Faber reckons that the Fed has no stomach for a tight monetary policy because they have allowed things to become so bad that the real estate market and stock market would collapse, leading to a massive recession. In other words, the Fed should have acted far earlier. The effect of the weaker dollar will inevitably be to increase US inflation, since imports will become more expensive. Add raw material inflation caused by the China boom (especially oil, facing diminishing production), and a second driver for inflation joins the mix.
A likely solution for Faber is that the US retreats behind a wall or protectionism and capital controls. This would be devastating for international investors, whose money will be prevented from leaving. Faber therefore advises them to stay well clear. “In any case, the return on US assets has been inferior to the return on most foreign assets.”
Faber believes a sudden, massive devaluation of the dollar is unlikely. But foreign investors should worry given they hold 44% of all outstanding T-bonds. In passing, he knocked the claim that an appreciating Chinese currency would help solve the problem of the US current account deficit. “The yen was at 350 to the dollar in 1971. Now it’s at 114. And there is still a huge trade surplus with the US.”
In previous years, Faber has been willing to expound on his theories of the decline of the US ‘superpower’ – the ironic quotation marks are his. However, this year he confined himself to telling investors how they could ride out the storm of paper caused by the non-stop churning of Ben Bernanke’s printing presses.
His thesis is simple. As the Fed reneges on its traditional duty of domestic price stability, Faber reckons the US central bank is becoming ever more a standard bearer for Wall Street and for key indices such as the Dow and the S&P500.
If they ever look like falling, the Fed will simply accelerate the operations of the printing presses. When too much money is chasing too few assets, prices rise. However, in real terms, there is little point in buying US assets, points out Faber, who estimates that in Euro terms US growth has been anaemic, if not negative, since the late 1990s. “Investors have to look for assets which cannot multiply as fast as the pace at which the Fed prints money,” he says.
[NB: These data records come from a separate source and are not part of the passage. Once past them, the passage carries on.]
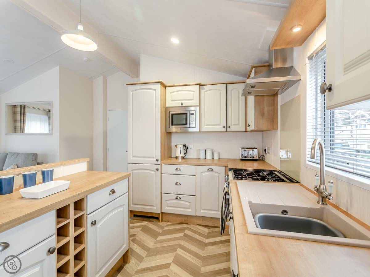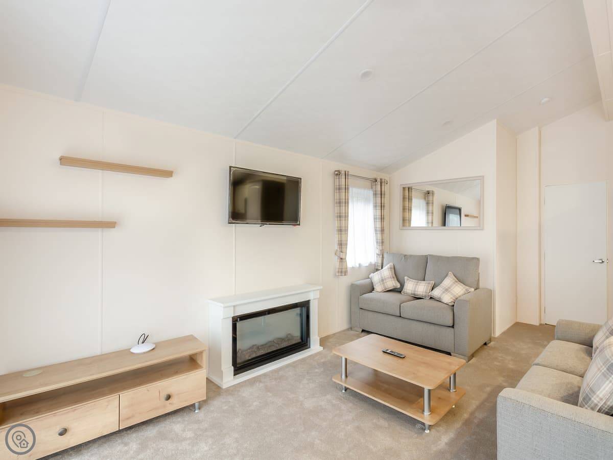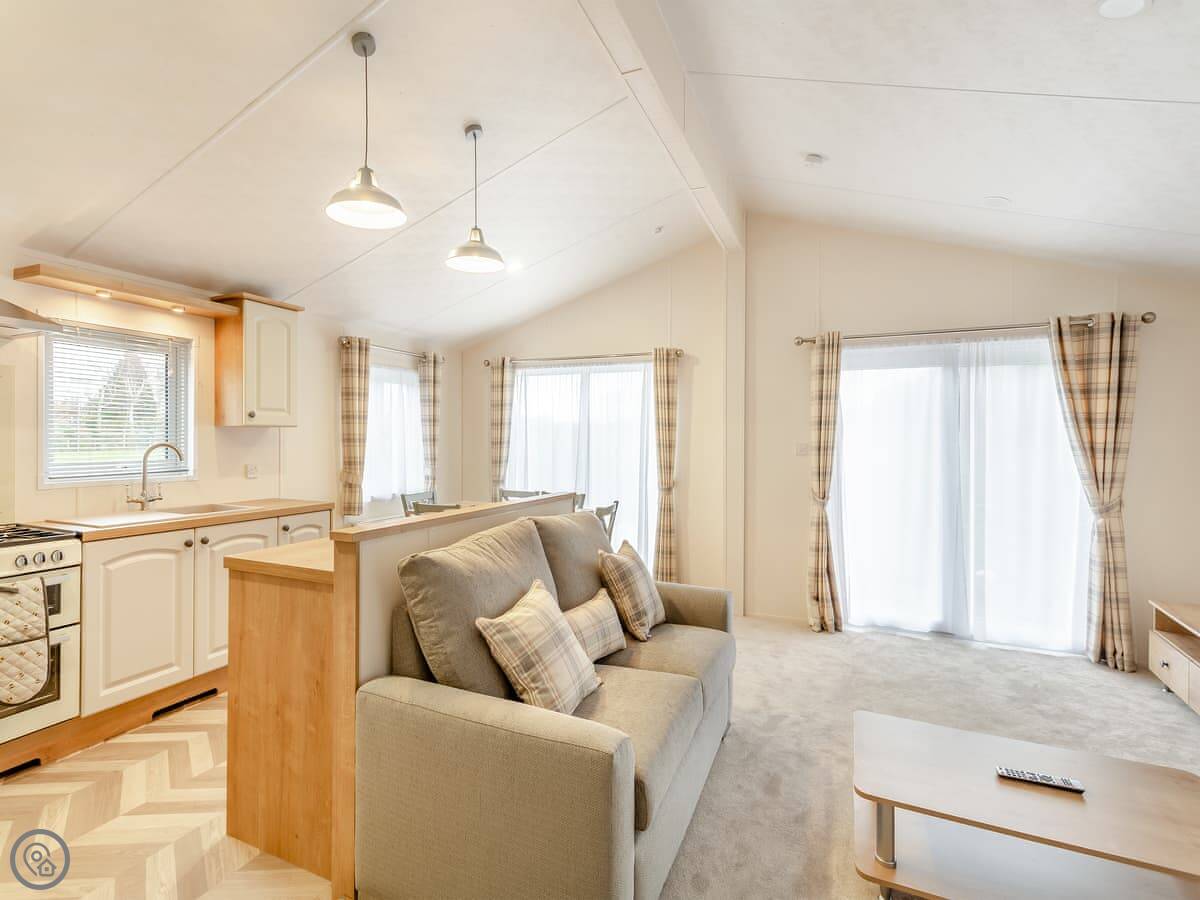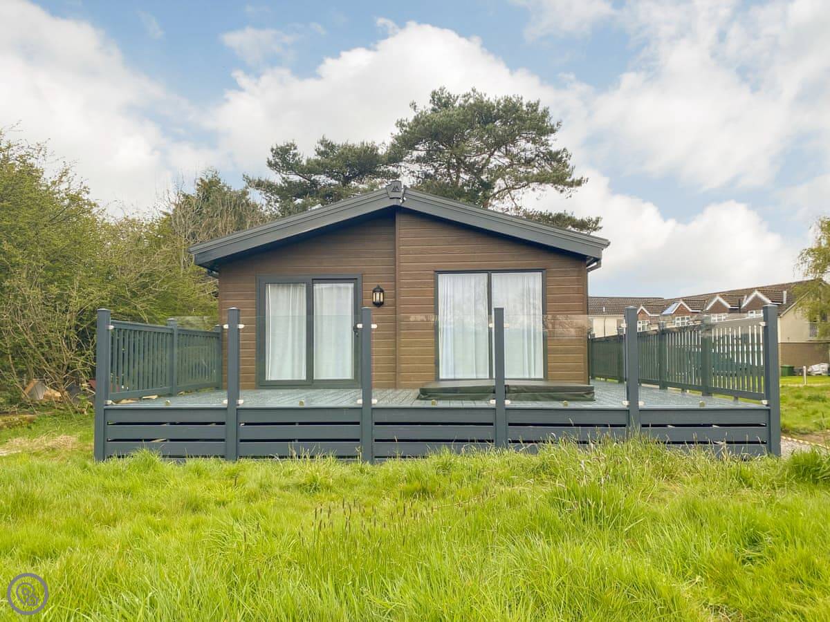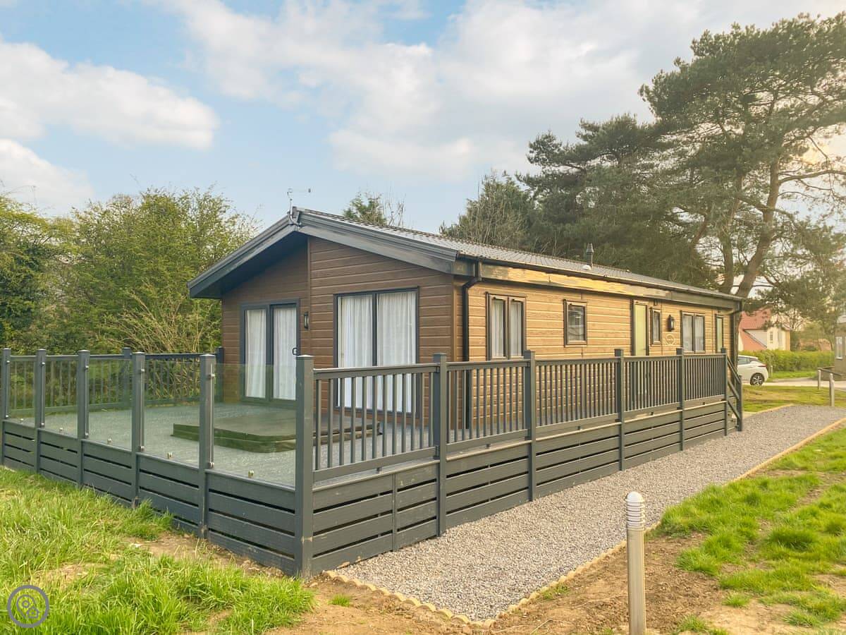 The lodge is called Roseberry Topping and it's near Great Broughton. It's one of a pair set back from the road. You get your own bit of patio with a hot tub. The view is just fields and hills. Good for stargazing.
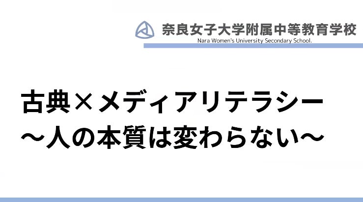 古文の授業でのメディア情報リテラシー向上の学びを開発した奈良女子大学附属中等教育学校の高校生は2023年度に引き続いて授業を開発しました。古来、デマに振り舞わされてきた人間の姿を古文から学ぶとともに、情報に振り回されないネガティブ・ケイパビリティーの重要性に気づいてもらう授業づくりにチャレンジしたと話しました。授業に事前事後でアンケート調査を行った結果、「情報が確からしいか確かめる」生徒の割合が13%増加したとのことでした。
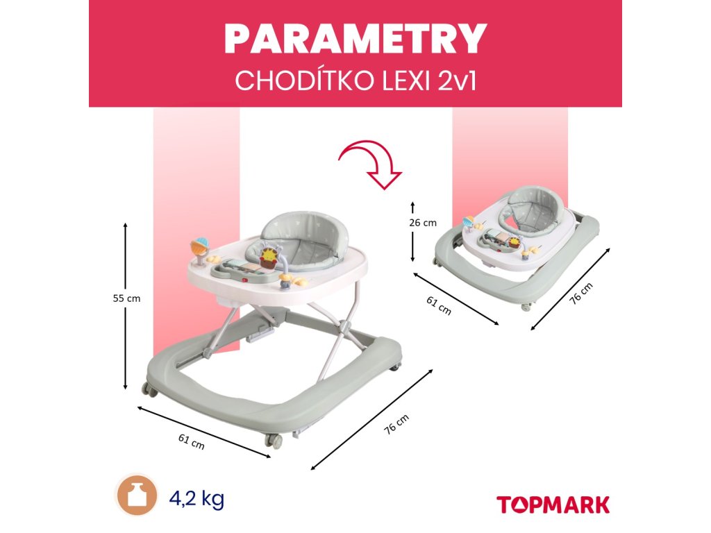- Chodítko možno po vybratí zadnej tyče premeniť v chodítko aktivity pre prvé krôčiky, chodítko je možné tlačiť.
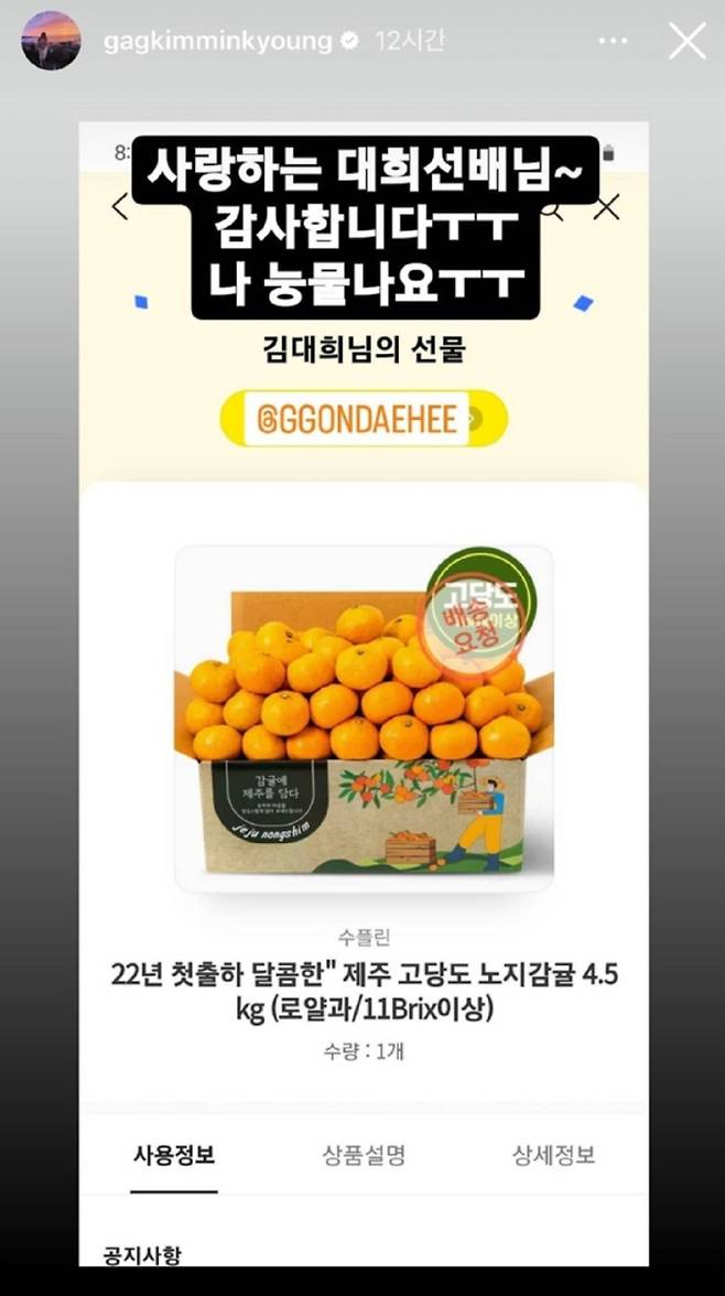 김민경은 선배 개그맨 김대희의 감귤 선물에도 "사랑하는 대희 선배님~ 감사합니다. 나 눈물 나요"라고 말했고, 선물을 보낸 다른 지인에게는 "누가 보냈는지 찾으려고 했는데 찾았다. 고마워~ 나 혼잔데"라고 감사 인사를 전했다.
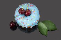 Ein blauer Donut mit roten Kirschen und Kirschblättern von oben vor grauem Hintergrund fotografiert
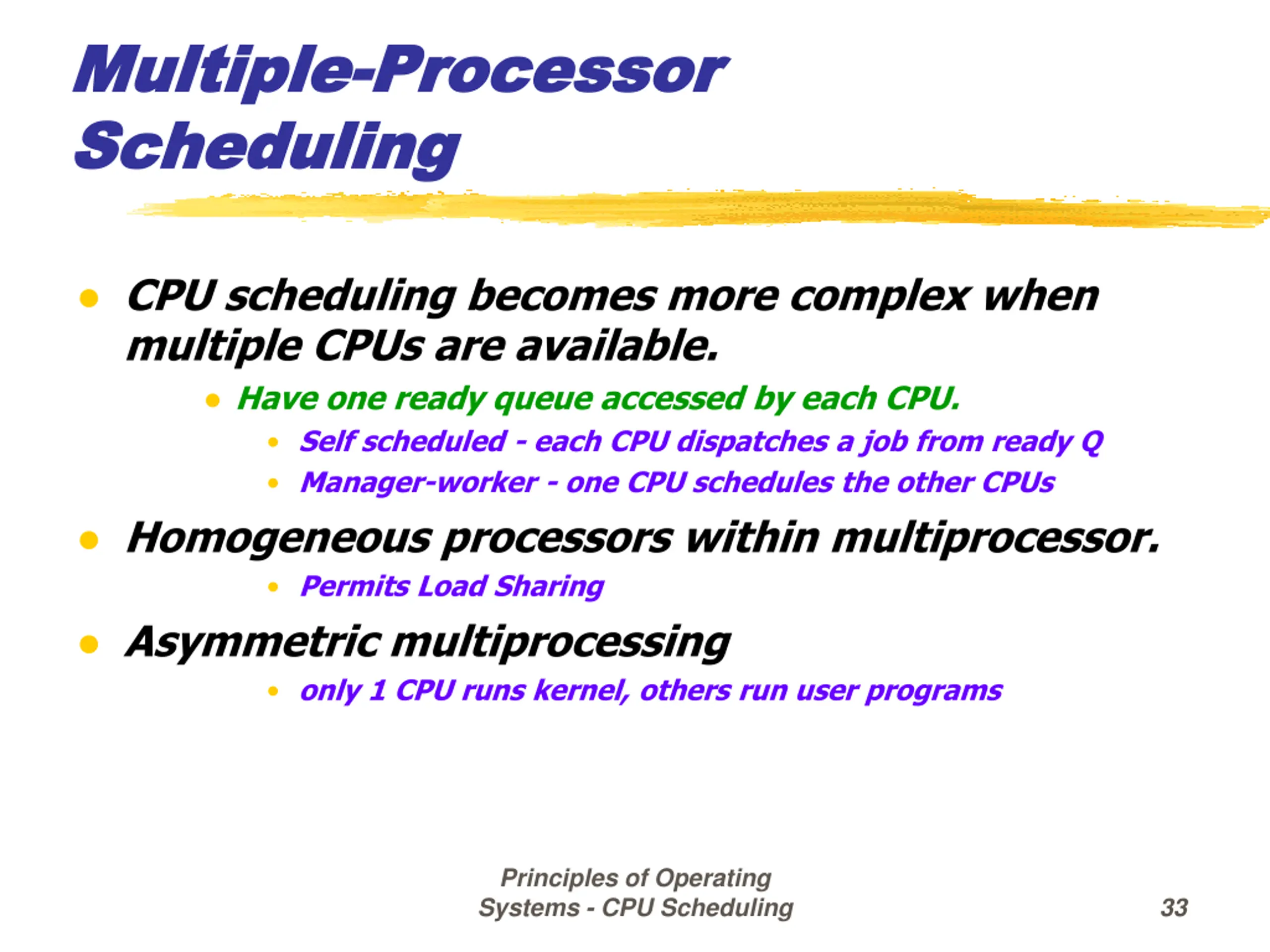 Multiple Multiple- -Processor Processor Scheduling Scheduling CPU scheduling becomes more complex when multiple CPUs are available. Have one ready queue accessed by each CPU. Self scheduled - each CPU dispatches a job from ready Q Manager-worker - one CPU schedules the other CPUs Homogeneous processors within multiprocessor. Permits Load Sharing Asymmetric multiprocessing only 1 CPU runs kernel, others run user programs Principles of Operating Systems - CPU Scheduling 33
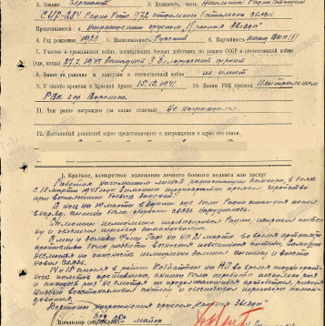 Мой отец - Самошин Николай Герасимович, 23.05.1923 года рождения, был призван на фронт Центральным РВК Воронежской области 15.10.1941 года. Воевал на Западном и 3-м Белорусском фронтах в 72 стрелковом корпусе 972 отдельного батальона связи 255 стрелковой дивизии в звании сержанта, должность - начальник радиостанции. Прошел всю войну, принимал участие в более 50 боевых действиях. За участие в героическом штурме и взятии Кенингсберга награжден медалью "За взятие Кенингсберга" (награда нашла героя только в сентябре 1978 года). 22.04.1945 г. представлен к награждению орденом "Красная Звезда". 26.04.1945 года награжден медалью "За боевые заслуги". В конце апреля 1945 года был переброшен в Сибирцево на Дальний Восток, принимал участие в 17 боевых действиях против японских империалистов в Монголии. 12 апреля 1946 года награжден медалью "За победу над Японией". Демобилизовался в 1947 году. За храбрость, стойкость и мужество, проявленные в борьбе с немецко-фашистскими захватчиками, награжден орденом Отечественной войны II степени.
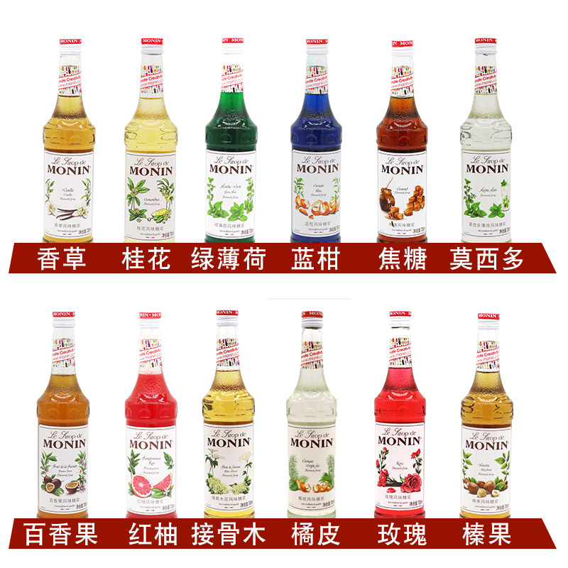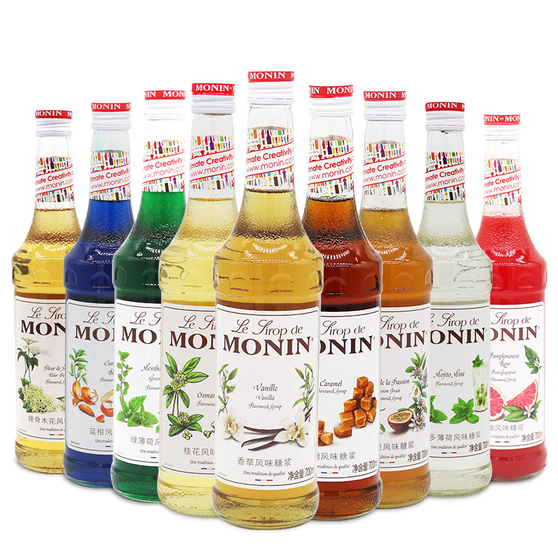 莫林MONIN纯蔗糖风味糖浆玻璃瓶700ml咖啡鸡尾酒调酒糖浆果汁饮料
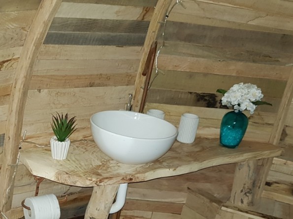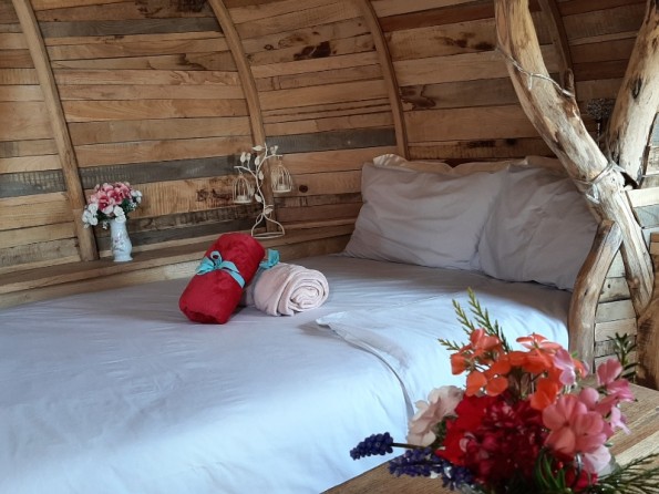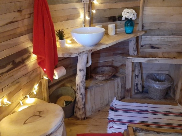 The Hobley House can sleep 2 people in 1 bedroom. It’s fully furnished, with the rustic furnishings made from sweet chestnut trees. There’s a cosy log burner with its own small integrated oven. There’s also a fridge, icebox and separate cooker. The rustic bed is a joy - beautiful to look at and complete with fluffy pillows and blankets made of organic wool and linen. There is a private bathroom with a shower and a composting toilet.
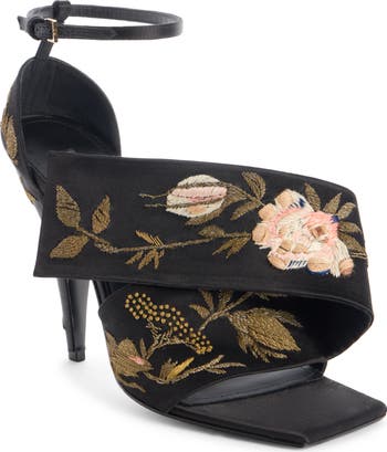 Intricate blooms are delicately embroidered with silk threads on this calfskin-leather sandal that features an elegantly undulating design.
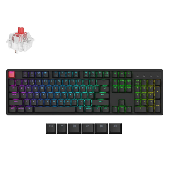 Keychron K10 QMK Wireless RGB Backlight Aluminum Frame Keychron Superswitch Red (Hot-Swappable) Keychron K10 QMK Wireless Mechanical Keyboard (Version 2) allows anyone to master any keyboard keys or macro commands through Keychron Launcher web app, it has included keycaps for both Windows and macOS, and users can hot-swap with any MX mechanical switch in a breeze. Wireless and Wired An excellent solution for multitasking. You can connect the K10 Version 2 with up to 3 devices wirelessly via its stable Broadcom Bluetooth 5.2 for seamless multitasking across your laptop, phone, and tablet. Switch among them swiftly, and it's fully compatible with both Mac and Windows. Program with QMK &; Launcher The open-source QMK firmware means endless possibilities for key remapping, macros, shortcuts, and more. Now you can easily customize each key with the Keychron Launcher web app. Anytime, Anywhere Access Keychron Launcher is a web page configurator that you can use in the office, school, lab, or government department-anywhere with internet access. Configure your keyboard online anytime without the need to download or install files. No hassle, no trouble. Compatible with All Platforms As a web-based tool, Keychron Launcher supports all operating systems.
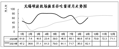 受疫情反弹影响机场暑运客流骤降。苏南硕放国际机场积极面对全球疫情持续蔓延和国内广深地区疫情突发等情况,加大客货运航线开辟力度,通过将国际时刻置换给国内航班,提高时刻资源使用率,做大国内循环规模。今年上半年,苏南硕放国际机场客货吐量已基本恢复至2019年正常水平。受省内疫情反弹影响,暑运期间机场客流骤降。据统计,前三季度,苏南硕放机场共完成起降架次4.95万架次,同比增长34.3%。完成旅客吞吐量551万人次,较2020年同期增长43.0%,较2019年同期下降7.9%,降幅较上半年扩大6.6个百分点;完成货邮吞吐量12.2万吨,较2020年同期增长7.8%,较2019年同期增长18.8%。受全球新冠疫情及省内疫情反弹影响,国际及地区航线仍处低位,共完成国际及地区旅客吞吐量1.4万人次,较2020年同期下降86.3%,较2019年同期下降98.3%。其中,三季度机场完成旅客吞吐量168.69万人次,同比下降11.9%,8月机场旅客吞吐量仅35.0万人次,为今年以来最低。

Consequently, gold is a great bet, along with other precious metals. Faber recommends actually holding physical gold in gold-friendly countries such as Hong Kong, India and Switzerland. He counsels against holding gold in the US for fear that it might be nationalised by the government. He is still bullish on other commodities in the face of global shortages and booming Asian economies. He’s also bullish, as it were, on war. “Rising commodity prices often trigger wars – which in turn cause commodity prices to go ballistic.”
One thing seemed to be clear from Faber’s speech. If things continue along the current trajectory, the argument that Western financial and information technology expertise is a substitute for Asian R&D, a high savings rate and engineering expertise will have been comprehensively discredited.